Every kitchen has a drawer...















Every kitchen has a drawer...
where,
among the expired coupons
for cleaning spray
and dog food, clothing
care tags, and appointment
reminder cards from so long ago
they are
certainly, only
of limited
archaeological interest,
there it is:
the unexpected sculpture you
made that day you forgot
and let the pot boil dry
while you were
sterilizing
the baby bottles:
comic reminder of
the dangerous potential
of inattention.
Never could let it go.
Cheesecloth.
cooking twine and strapping tape
batteries, drained or amped:
who knows?
A letter: "my darling," it begins,
"I have missed you so much,"
and though the words have
since proved false,
you continue to hope,
takeout menus from restaurants
long defunct
empty seed packets
a note to the fairies
surreptitiously intercepted
a calcium supplement
that you take every day,
when you can remember to take it
A phone number scrawled with a Sharpie,
ripped from a lined notebook,
"call on Friday," it says
"don't forget"
and you wonder if you did
a menu from an encounter
only you remember
a swatch of thick paper,
orange with silver swirls,
that might make an interesting
accent for a collage you might make
when you finally learn how to make a collage
grocery lists
Sharpie markers
The menu for your daughter's 6th birthday,
in her own careful hand:
pizza, carrot sticks, chocolate cake
with chocolate frosting.

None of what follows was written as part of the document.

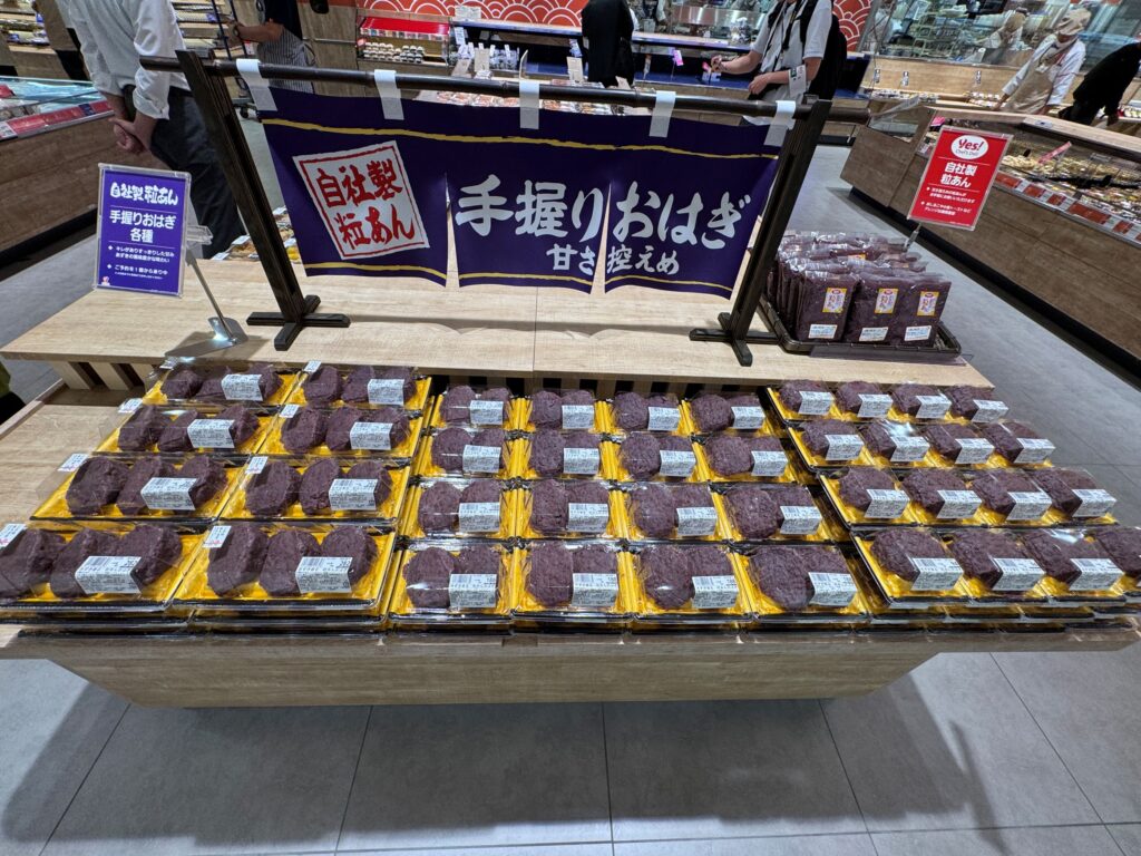 デリカの惣菜では、「手握りおはぎ」を1日を通して、粒あん、ずんだ、きなこなど選べる品揃えで展開する他、ランチタイムから夕方まで時間帯に応じた出来たて訴求を実施。駅前商圏らしく、18時以降もつまみ商品や小量目商品を選べる品揃えを実施するなど、時間帯ごとのマーチャンダイジングを強化。

NOTHING ELSE!
totems
talismans
unrequited loves
Every kitchen
has just such a drawer
Empty it out
Throw every bit away
It will make itself anew.

3 comments:

  1. yes will :)
    I love this. I clean out that drawer every few years and resolve to NOT collect and fill it again. I always do. Movie ticket stubs, a recipe I was sure I would try...ten years ago. Paint swatches, rubber bands, screws that I am sure I will remember where they need to go as soon as I throw them away...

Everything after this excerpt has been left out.